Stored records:
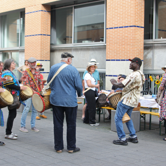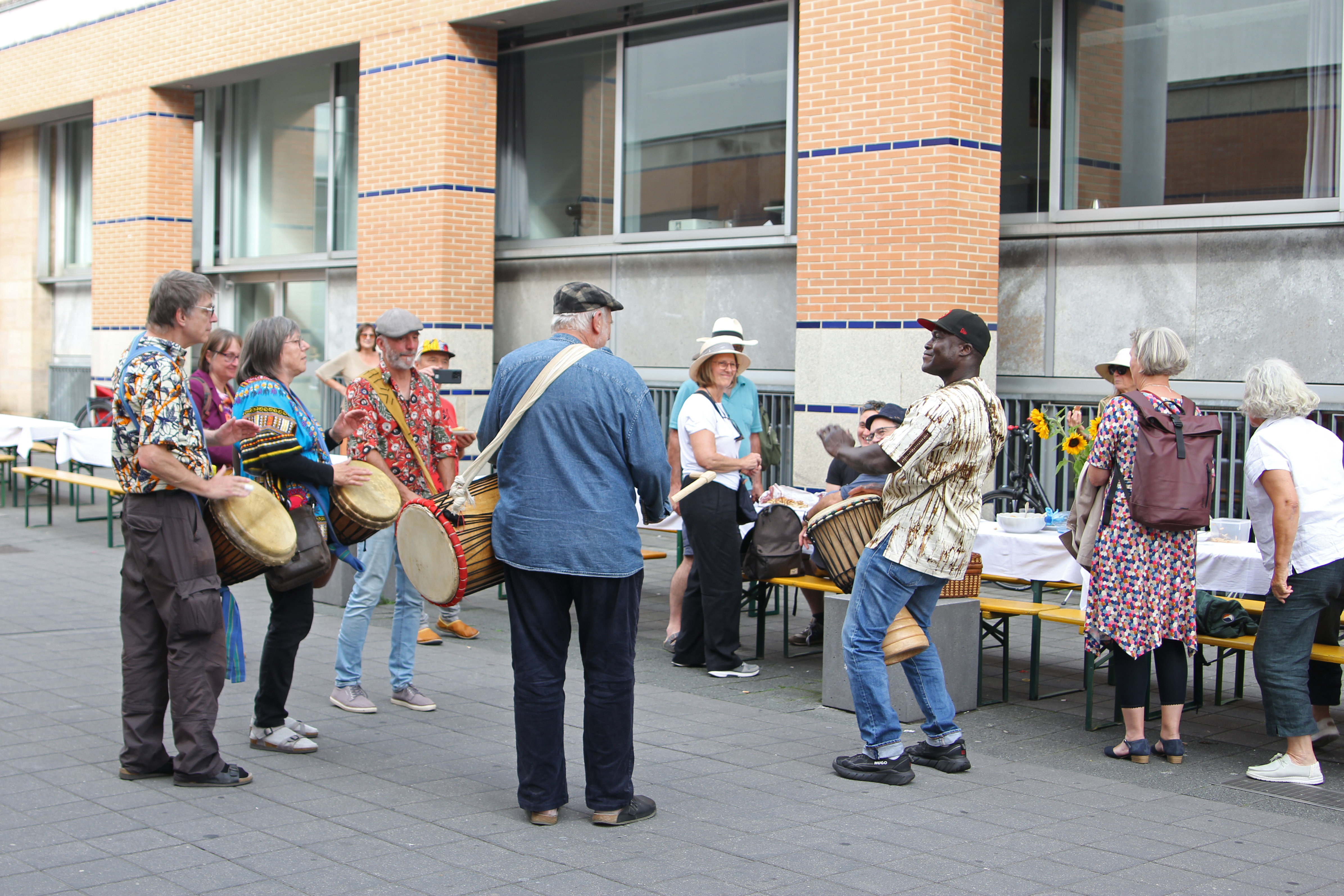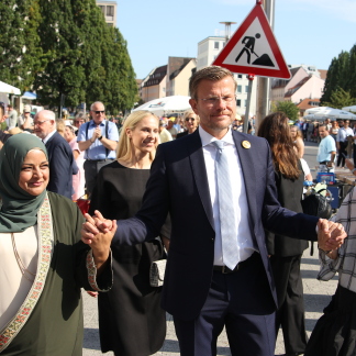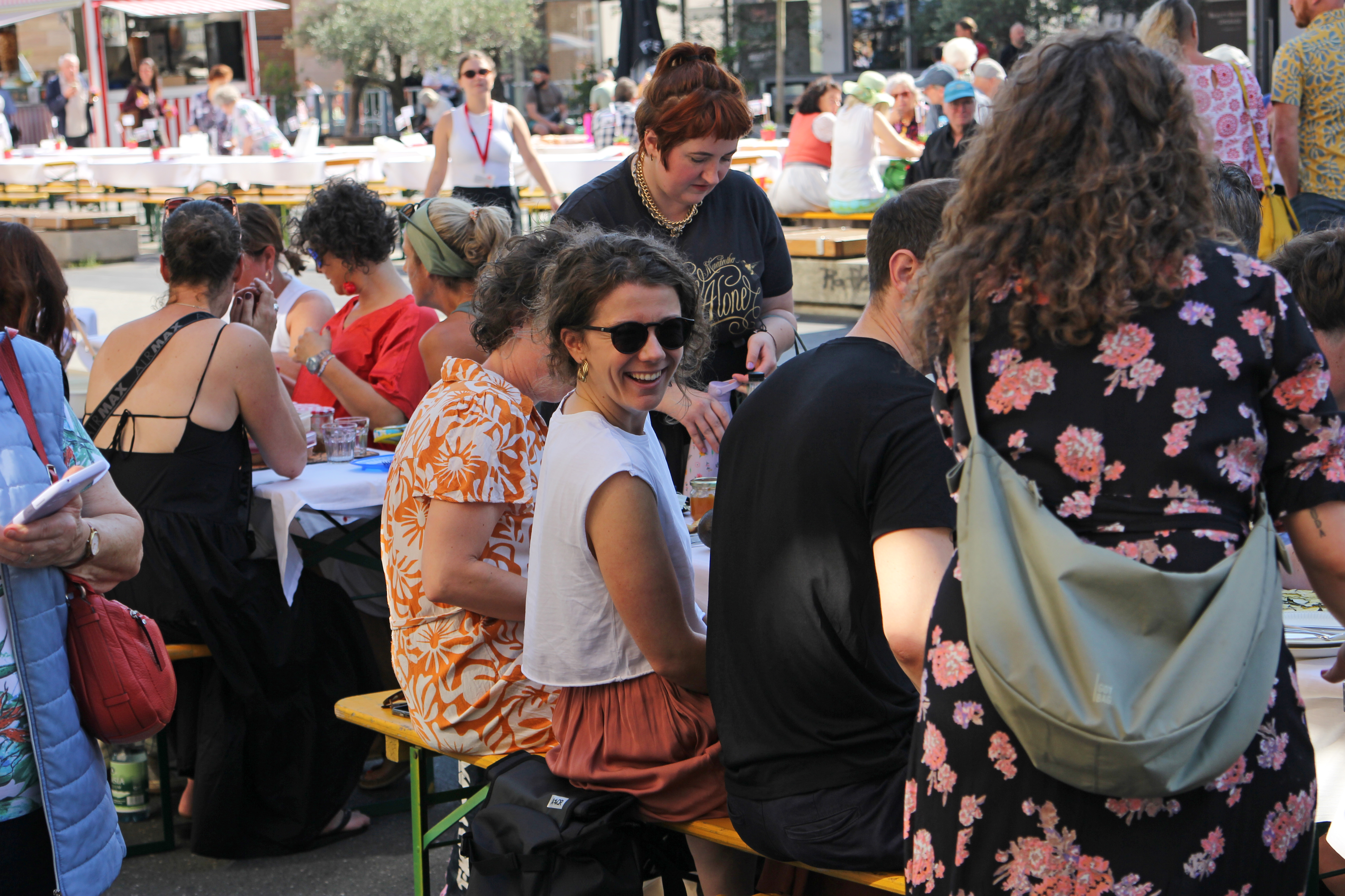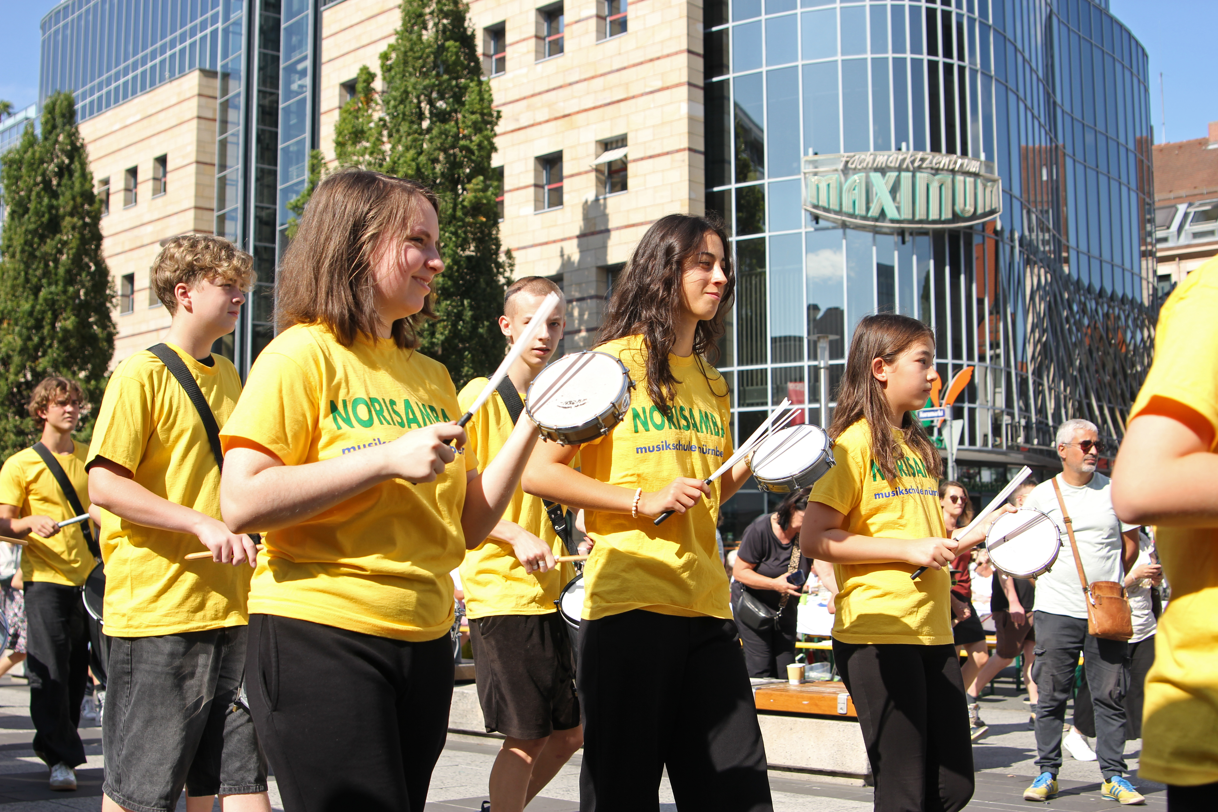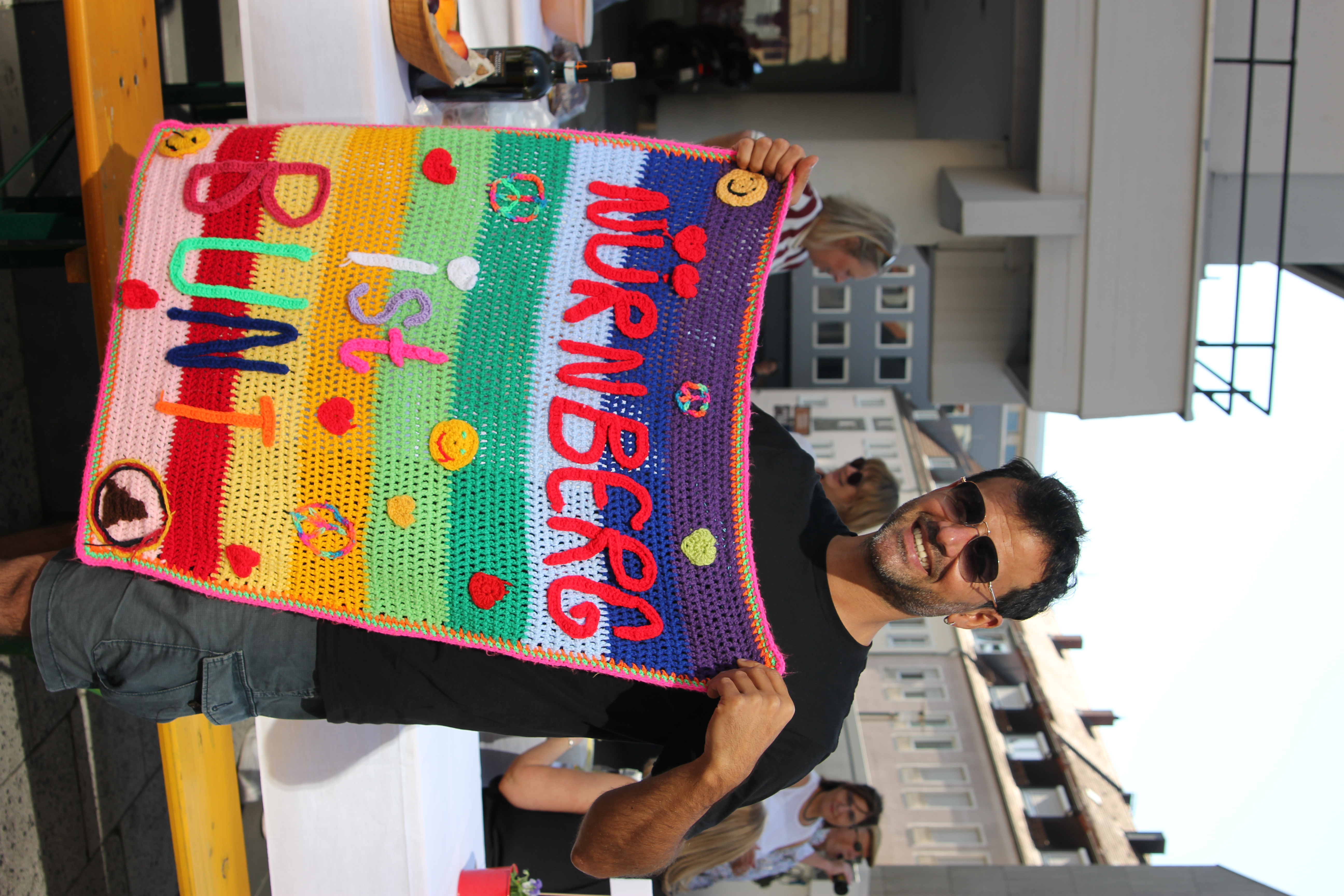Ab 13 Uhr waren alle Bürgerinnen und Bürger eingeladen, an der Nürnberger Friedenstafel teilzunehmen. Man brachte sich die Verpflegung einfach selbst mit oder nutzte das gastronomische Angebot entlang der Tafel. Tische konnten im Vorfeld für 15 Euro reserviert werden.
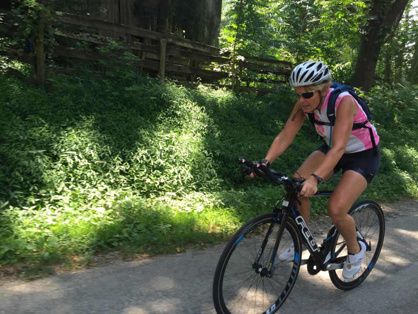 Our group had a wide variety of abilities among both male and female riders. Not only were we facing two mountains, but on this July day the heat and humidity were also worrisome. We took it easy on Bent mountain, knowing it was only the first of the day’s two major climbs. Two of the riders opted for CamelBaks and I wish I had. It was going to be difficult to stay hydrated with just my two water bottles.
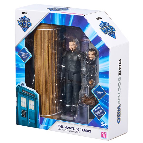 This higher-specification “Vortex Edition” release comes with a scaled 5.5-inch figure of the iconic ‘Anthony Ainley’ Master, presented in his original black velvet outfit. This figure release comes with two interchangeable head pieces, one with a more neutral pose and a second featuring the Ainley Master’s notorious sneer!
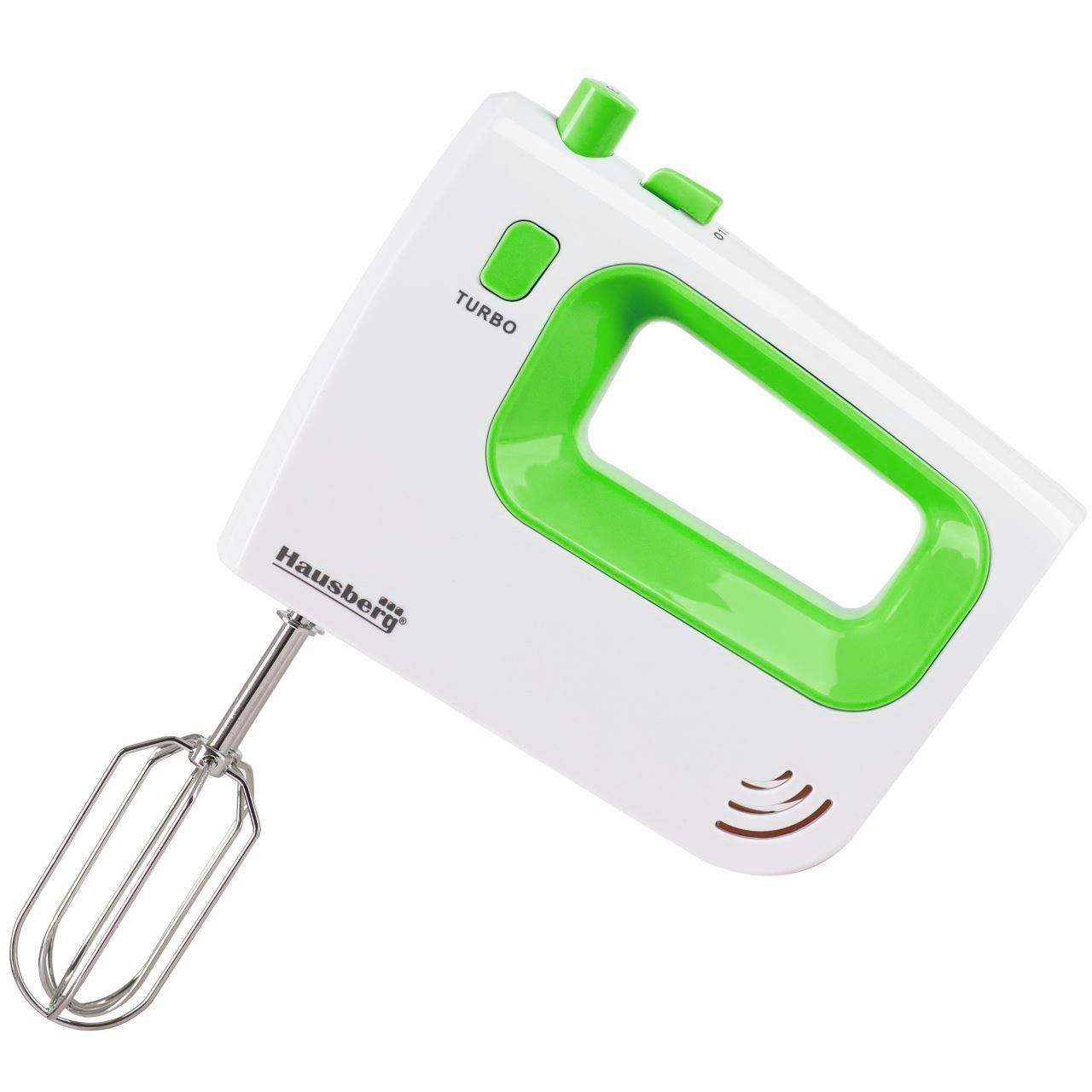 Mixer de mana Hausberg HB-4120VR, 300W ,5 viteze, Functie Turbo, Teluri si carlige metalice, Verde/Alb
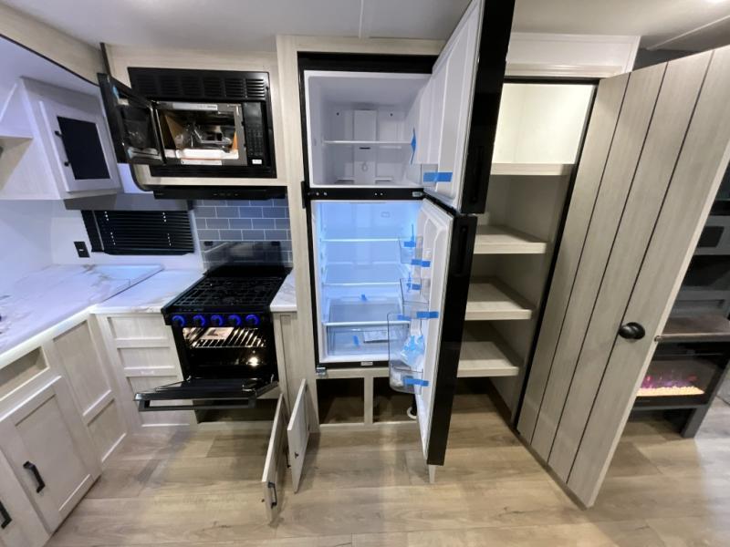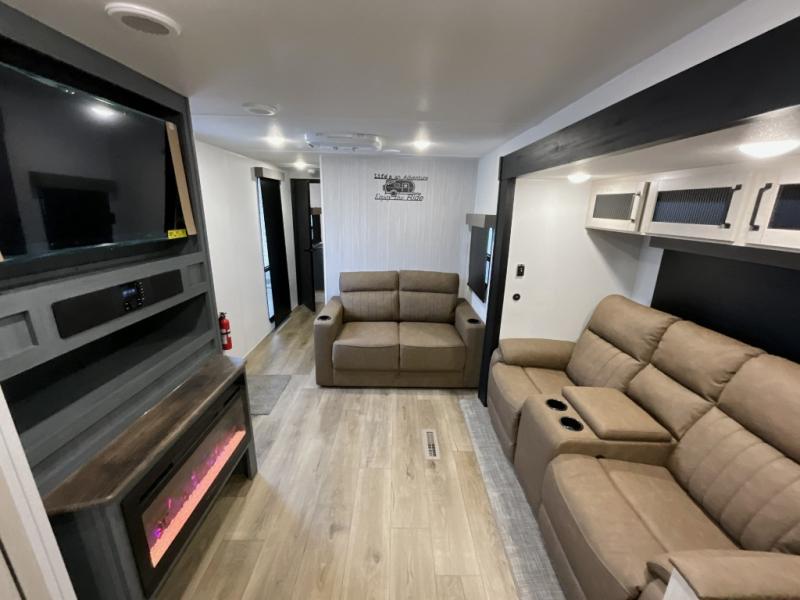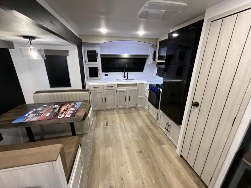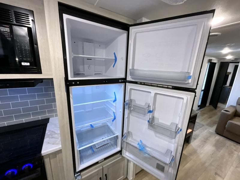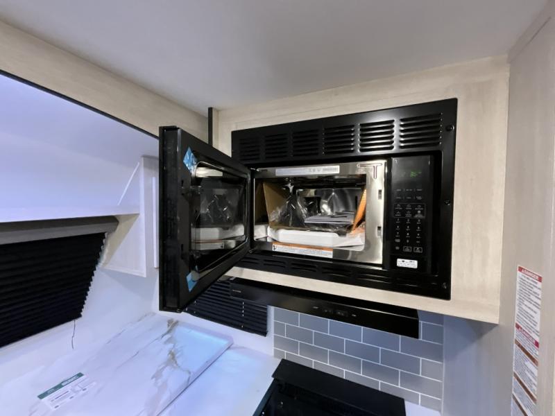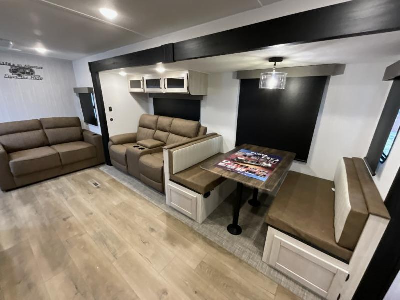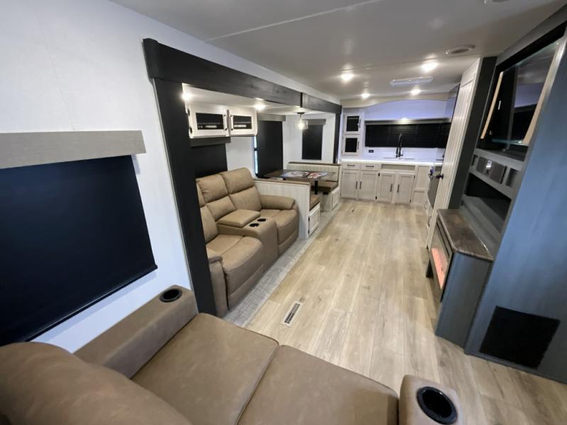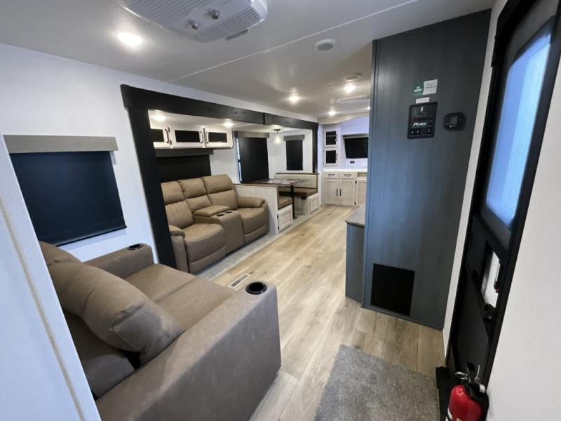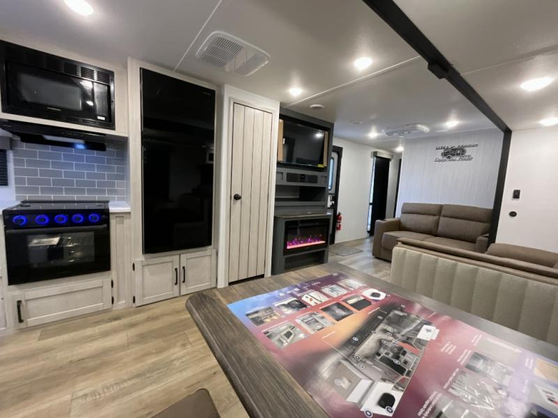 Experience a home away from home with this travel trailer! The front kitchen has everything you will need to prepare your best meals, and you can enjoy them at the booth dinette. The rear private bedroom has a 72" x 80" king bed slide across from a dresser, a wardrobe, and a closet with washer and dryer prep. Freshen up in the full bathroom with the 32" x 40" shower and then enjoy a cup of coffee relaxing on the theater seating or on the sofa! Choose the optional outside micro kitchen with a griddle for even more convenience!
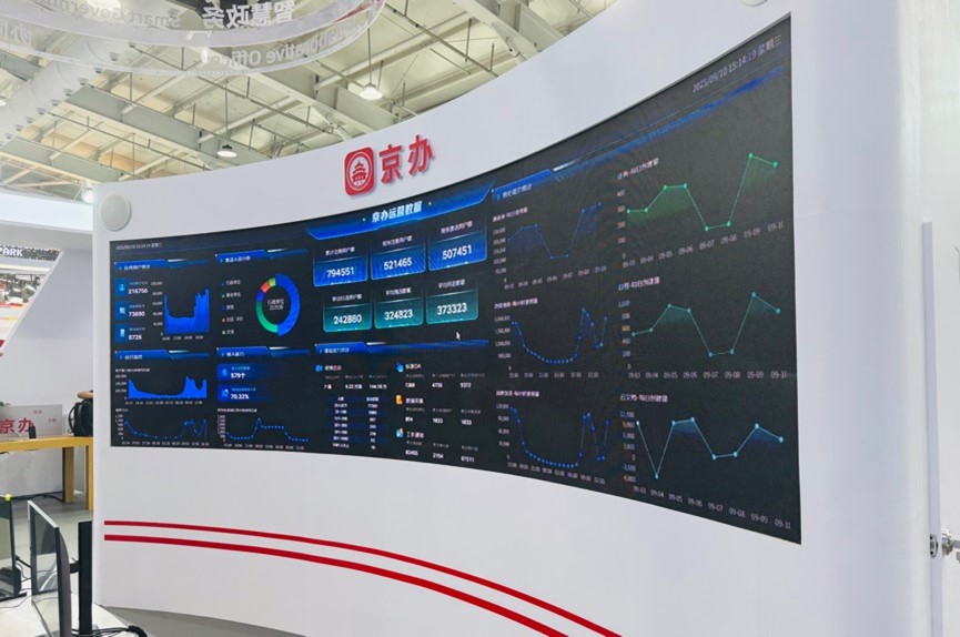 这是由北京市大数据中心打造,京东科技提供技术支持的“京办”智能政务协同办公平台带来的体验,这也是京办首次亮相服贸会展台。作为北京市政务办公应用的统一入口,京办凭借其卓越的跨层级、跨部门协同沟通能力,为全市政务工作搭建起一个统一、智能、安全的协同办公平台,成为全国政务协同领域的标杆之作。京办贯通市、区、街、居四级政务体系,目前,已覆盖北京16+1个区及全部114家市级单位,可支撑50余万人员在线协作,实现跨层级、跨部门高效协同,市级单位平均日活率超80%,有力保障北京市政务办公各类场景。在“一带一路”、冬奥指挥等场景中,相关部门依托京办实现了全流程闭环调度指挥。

- _ACTIVITY_:
The copy must reproduce every entry exactly while excluding all pictures.

- _RESPONSE FOR THIS EXERCISE_:
Ab 13 Uhr waren alle Bürgerinnen und Bürger eingeladen, an der Nürnberger Friedenstafel teilzunehmen. Man brachte sich die Verpflegung einfach selbst mit oder nutzte das gastronomische Angebot entlang der Tafel. Tische konnten im Vorfeld für 15 Euro reserviert werden.
 Our group had a wide variety of abilities among both male and female riders. Not only were we facing two mountains, but on this July day the heat and humidity were also worrisome. We took it easy on Bent mountain, knowing it was only the first of the day’s two major climbs. Two of the riders opted for CamelBaks and I wish I had. It was going to be difficult to stay hydrated with just my two water bottles.
 This higher-specification “Vortex Edition” release comes with a scaled 5.5-inch figure of the iconic ‘Anthony Ainley’ Master, presented in his original black velvet outfit. This figure release comes with two interchangeable head pieces, one with a more neutral pose and a second featuring the Ainley Master’s notorious sneer!
 Mixer de mana Hausberg HB-4120VR, 300W ,5 viteze, Functie Turbo, Teluri si carlige metalice, Verde/Alb
 Experience a home away from home with this travel trailer! The front kitchen has everything you will need to prepare your best meals, and you can enjoy them at the booth dinette. The rear private bedroom has a 72" x 80" king bed slide across from a dresser, a wardrobe, and a closet with washer and dryer prep. Freshen up in the full bathroom with the 32" x 40" shower and then enjoy a cup of coffee relaxing on the theater seating or on the sofa! Choose the optional outside micro kitchen with a griddle for even more convenience!
 这是由北京市大数据中心打造,京东科技提供技术支持的“京办”智能政务协同办公平台带来的体验,这也是京办首次亮相服贸会展台。作为北京市政务办公应用的统一入口,京办凭借其卓越的跨层级、跨部门协同沟通能力,为全市政务工作搭建起一个统一、智能、安全的协同办公平台,成为全国政务协同领域的标杆之作。京办贯通市、区、街、居四级政务体系,目前,已覆盖北京16+1个区及全部114家市级单位,可支撑50余万人员在线协作,实现跨层级、跨部门高效协同,市级单位平均日活率超80%,有力保障北京市政务办公各类场景。在“一带一路”、冬奥指挥等场景中,相关部门依托京办实现了全流程闭环调度指挥。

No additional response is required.